It’s too dangerous to approach closer, or we’d have gone back to try and seal it – our people were lucky to get away alive. Our best guess is that it’s a gate that maintains
a permanent connection between two worlds, rather than the transient connection we make when we world-walk. But we have no idea how it works or why there’s no, uh, world there. Maybe there
used to be and the gate needs to be anchored in some way? We don’t know.’

The chatter had subsided into a stunned silence. Miriam glanced round the shocked faces in front of her. ‘Sir Huw has also conducted some topological analysis on the family
knotworks,’ she continued. ‘He generated a series of variants and checked them – not to world-walk, but to see if he could feel them. He generated them using Mathematica. It turns
out that the family knots can be derived by following a fairly simple formula, and there are three constants that, if you vary them, give rise to different knots that give him the family
headache.’ Next slide: a polynomial equation. ‘Apparently, this is the key to our ability – it’s the Alexander polynomial describing the class of knots to which ours belong.
No, I don’t understand it either, but it turns out that by tweaking some of these coefficients we get different knots that include the two we already know of.

‘Any given knot, starting in any given world, seems to act as a binary switch: Focus on it and you can walk from your starting world into a single destination determined by the knot you
use.’

Someone had thoughtfully placed a wine goblet by her laptop. Miriam paused to take a sip.

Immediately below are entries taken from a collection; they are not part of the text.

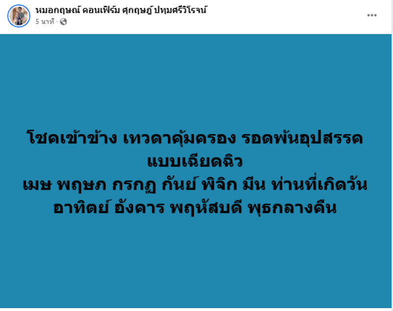 จากกรณีเพจ หมอกฤษณ์ คอนเฟิร์ม ศุกฤษฎ์ ปทุมศรีวิโรจน์ ได้ออกมาโพสต์โดยระบุว่าโชคเข้าข้าง เทวดาคุ้มครอง รอดพ้นอุปสรรคแบบเฉียดฉิว เมษ พฤษภ กรกฏ กันย์ พิจิก มีน ท่านที่เกิดวัน อาทิตย์ อังคาร พฤหัสบดี พุธกลางคืน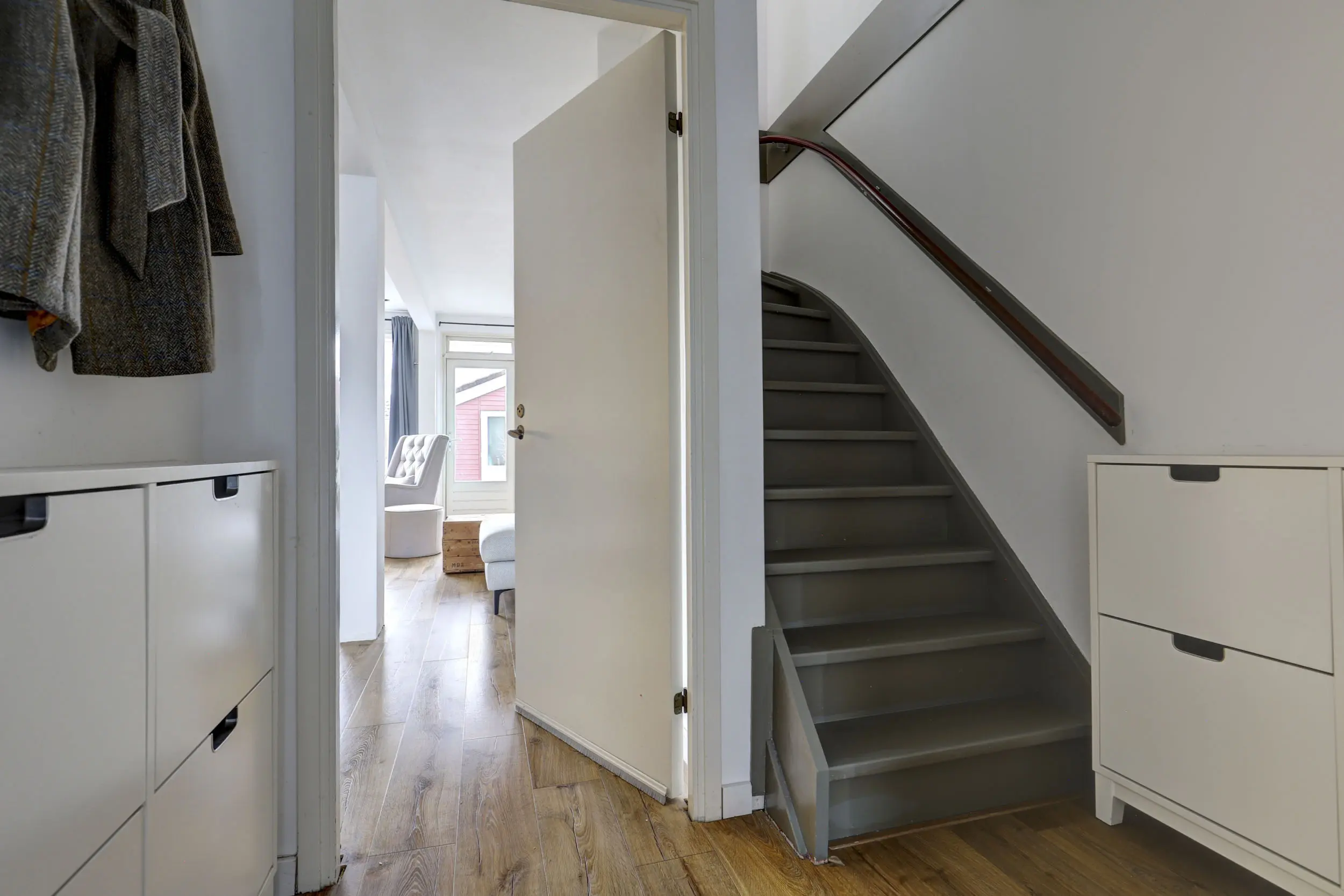 Via de overdekte voordeur, loop je deze gezellige woning binnen. De ruime hal geeft toegang tot de geheel betegelde toiletruimte met zwevend toilet en fontein, als ook de meterkast en trapopgang naar de verdieping.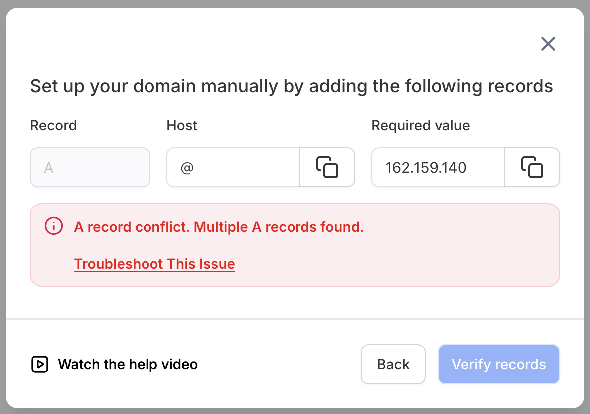 This guide will help you resolve common errors when connecting your domain to your platform. Follow the steps below to troubleshoot issues related to DNS records and domain conflicts.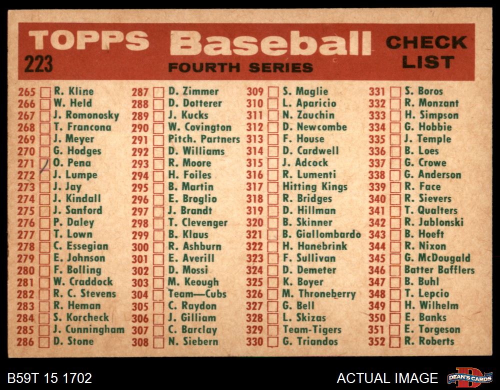 1959 Topps #223 Cardinals Team Checklist 6 - EX/MT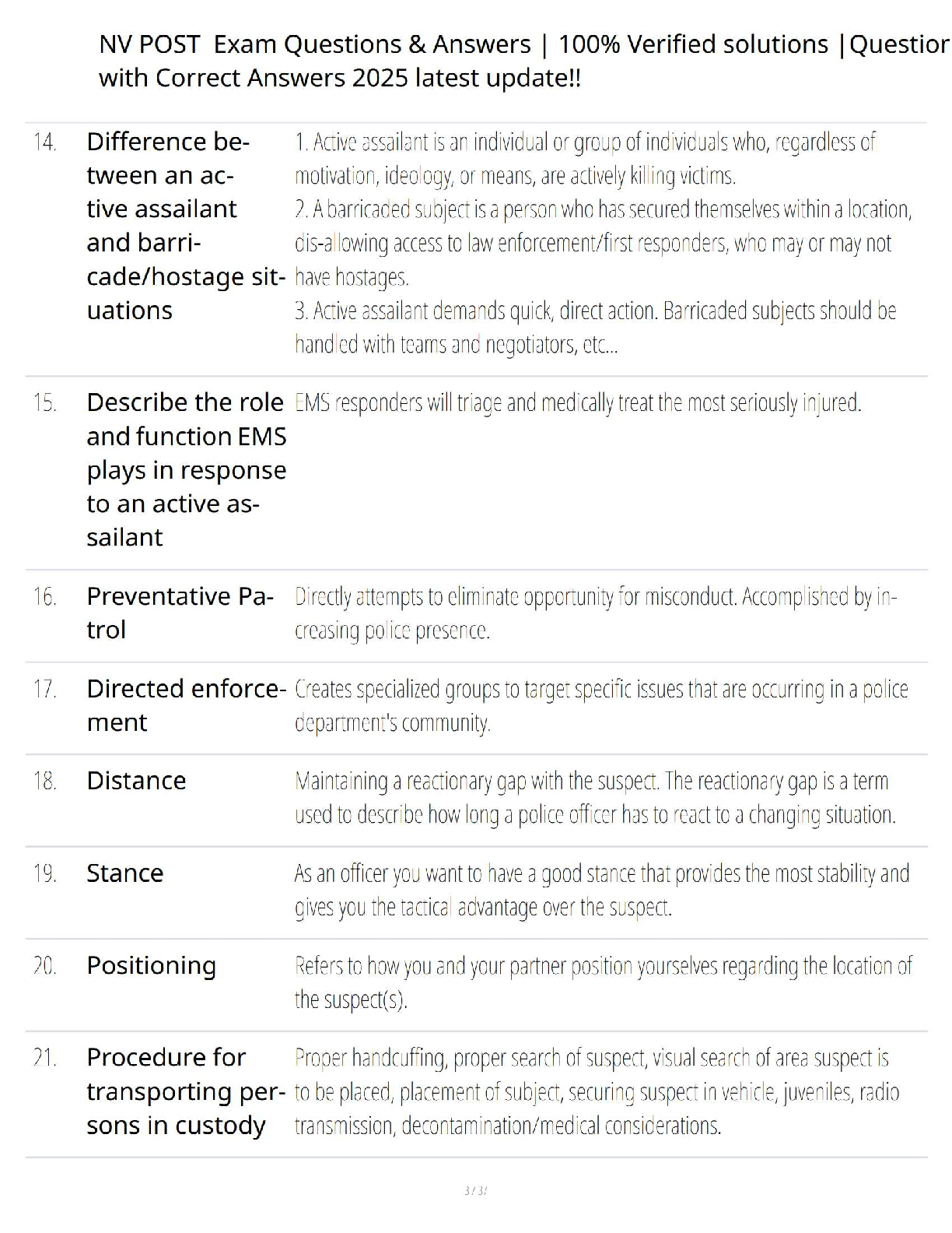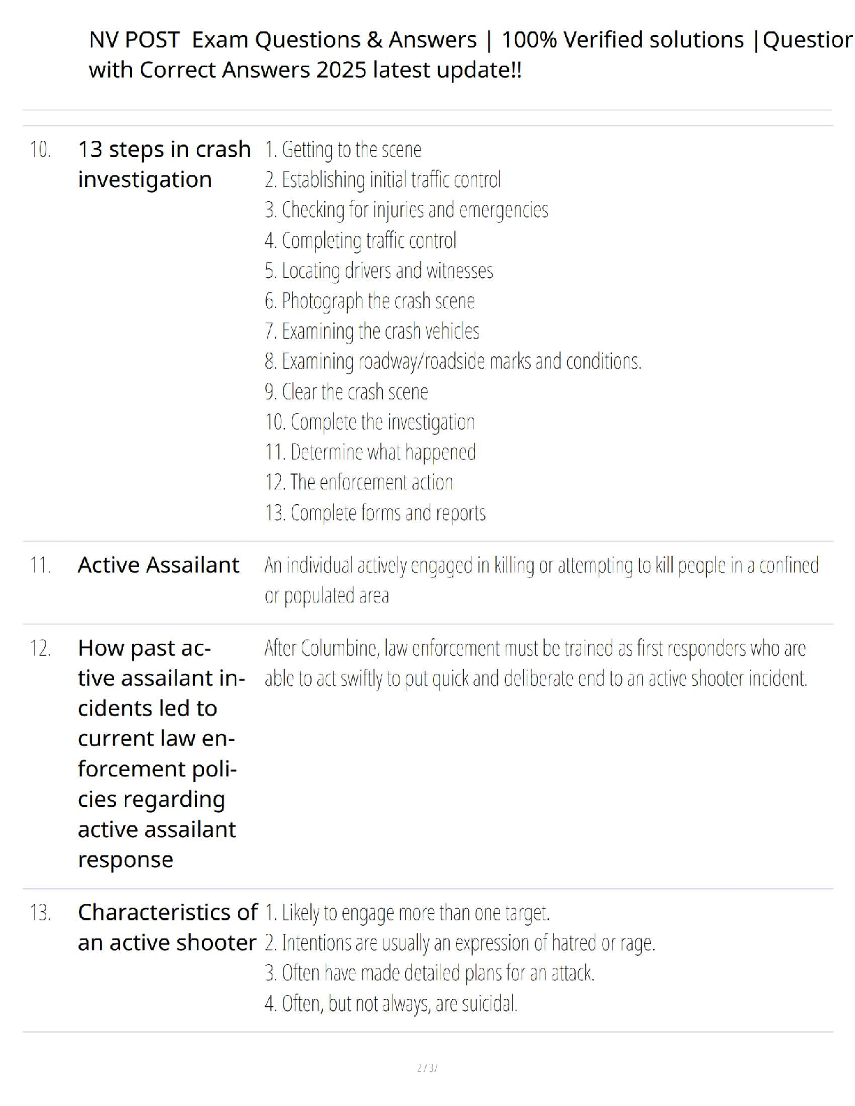 Ace your Nevada Peace Officer Standards and Training (NV POST) exam with our newly updated 2025 Test Bank. This comprehensive study guide is packed with verified questions and 100% correct, detailed answers to ensure you're fully prepared. Covering all essential topics, this resource is designed to help you master the material, build confidence, and pass your NV POST exam on the very first attempt. Get the A+ success you deserve and start your law enforcement career in Nevada with a strong foundation!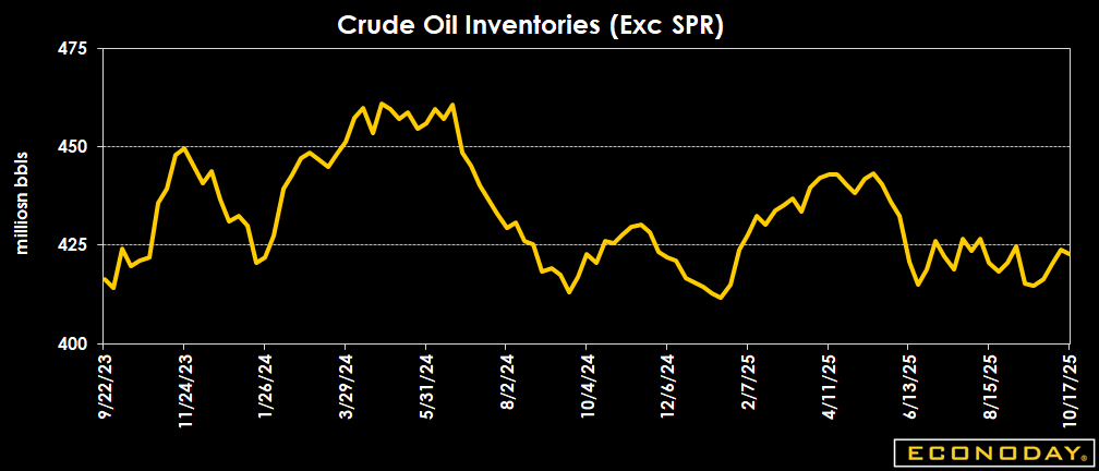 Crude oil inventories are down by 1.0 million barrels to 422.8 million barrels in the week ended Oct. 17 from 423.8 million a week earlier. The latest total is about 4 percent below the 5-year average for this time of year, and down 0.8 percent from a year ago.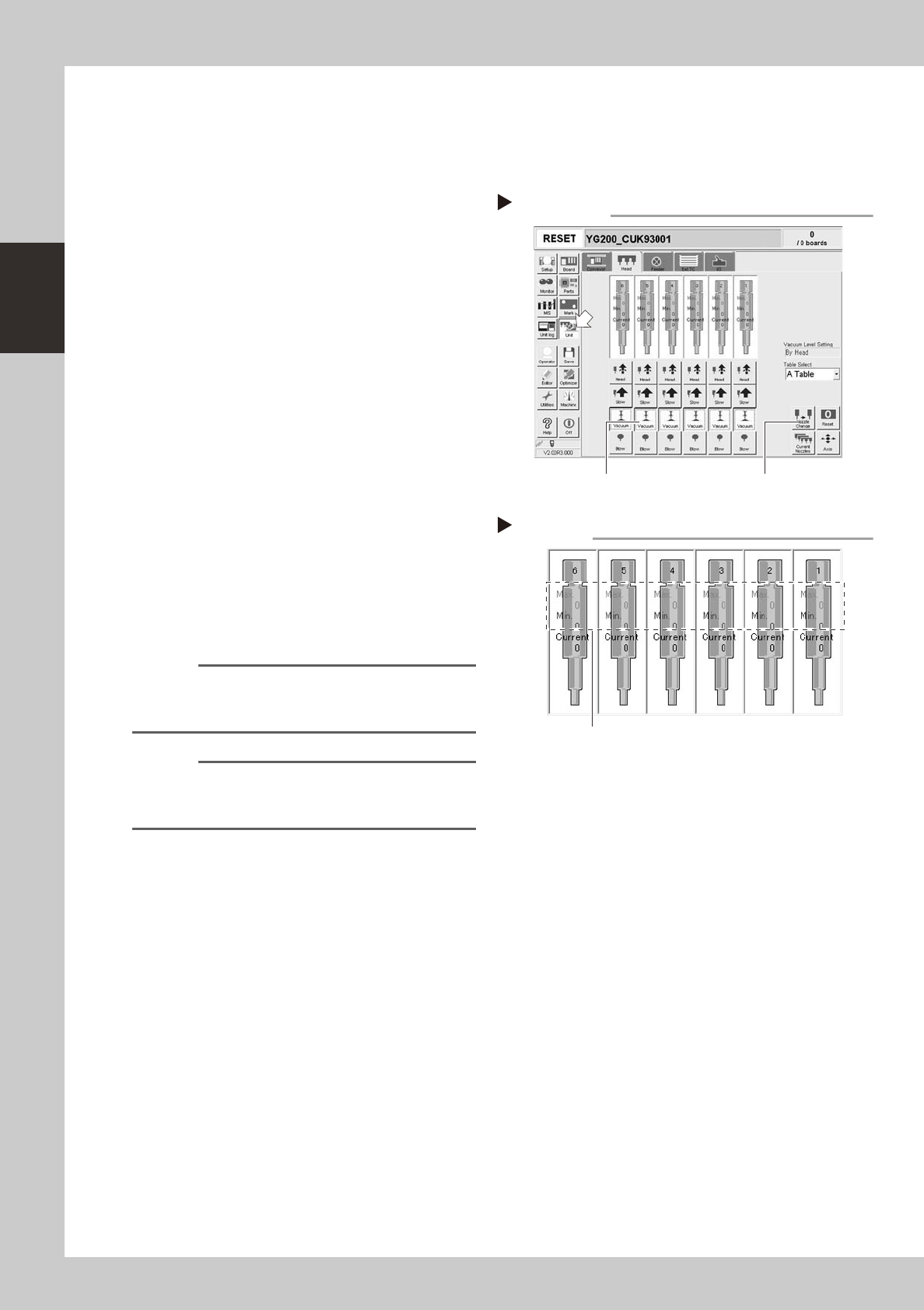 Select [Unit] - [Head], and set the [Vacuum]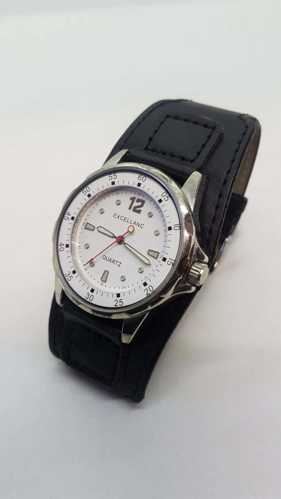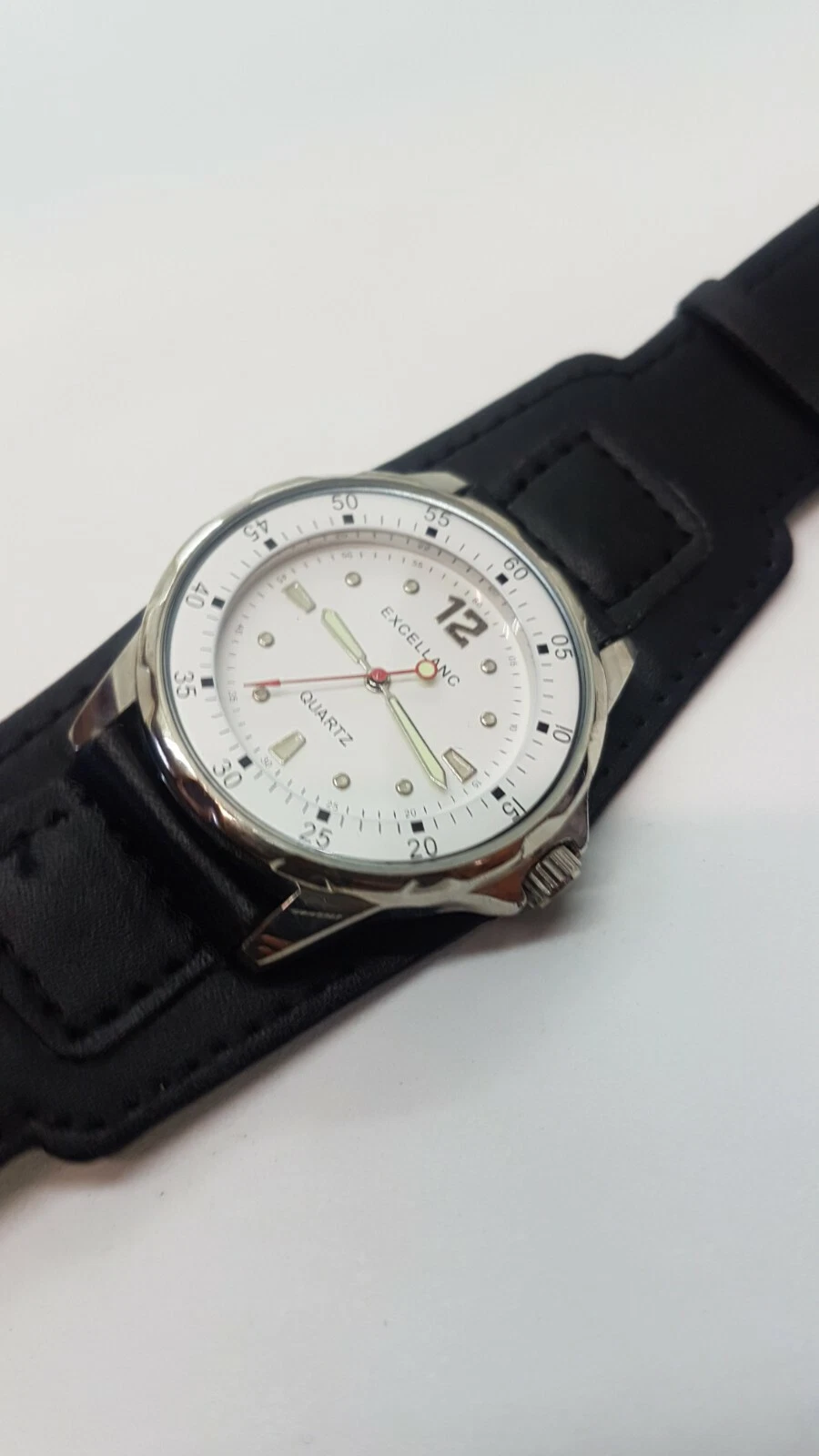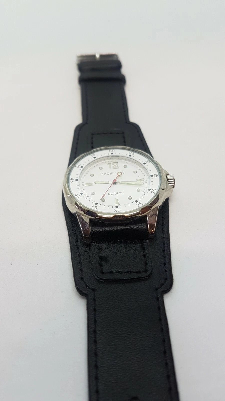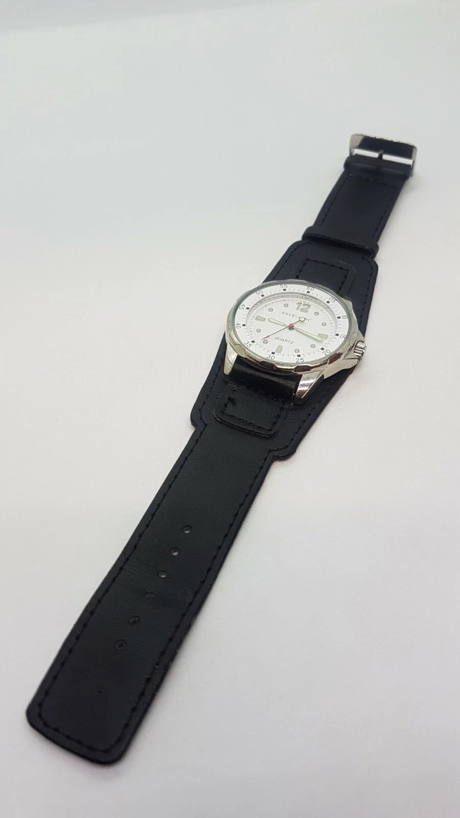 Excellanc Sports Simple White and Silver watch placed on large black cuff strap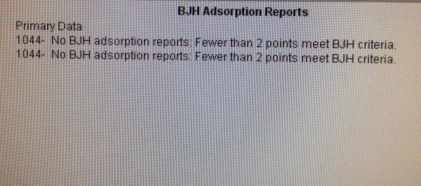 今天用这个仪器测了一个全孔的分析,用的是工程师留下的模板,得到样品的BET还不到1(测过自由空间之后,而且BJH的吸附于脱附也没出现啥内容(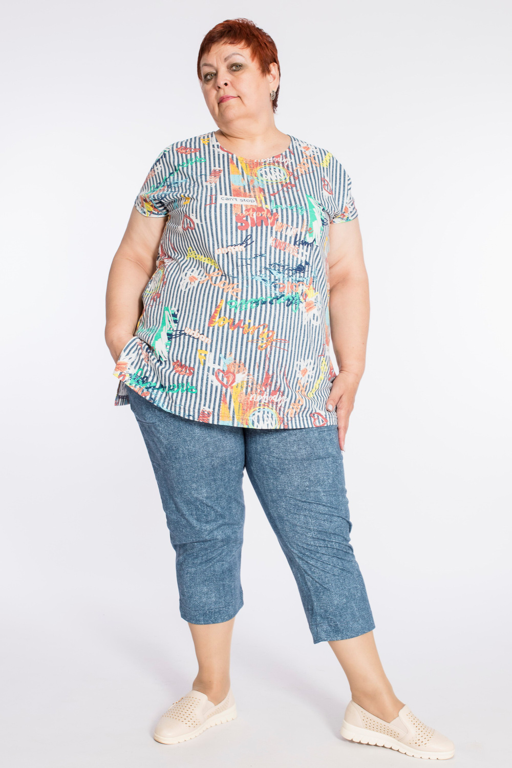 Костюм выполнен из х/б полотна. Футболка с коротким спущенным рукавом, крой прямой, свободный, по бокам разрезы. Горловина имеет круглый вырез. Капри с карманами, по бокам внизу небольшие разрезы.

‘There’s more. The conventional wisdom about how much we can carry, about the impossibility of moving goods using a carriage or a wheelbarrow? It’s somewhat . . . wrong.
It’s true that you can’t
easily
carry a larger payload, but with careful prior arrangement and some attention to insulators and reducing contact area you can move about a quarter
of a ton. Possibly more, we haven’t really pushed the limits yet. I suspect that this was known to the postal service but carefully kept quiet prior to the civil war; the number of
world-walkers who’d have to cooperate to establish a rival corvée, independent of our Clan authorities, is much smaller than the conventional wisdom would have it. If this was widely
known it would have made it harder to control the young and adventurous, and consequently harder to retain a breeding population. So the knowledge was actively suppressed, and experimentation
discouraged, and during the chaos of the civil war everyone who knew the truth was murdered. Maybe it was a deliberate strategy – knowledge is power – or just coincidence, or accident.
It doesn’t matter; what I want to impress on you is that there are big gaps in our knowledge, and some of them appear to have been placed there deliberately. Only we’ve begun to piece
things together, thanks to the recent destabilization. And the picture I’m building isn’t pretty.’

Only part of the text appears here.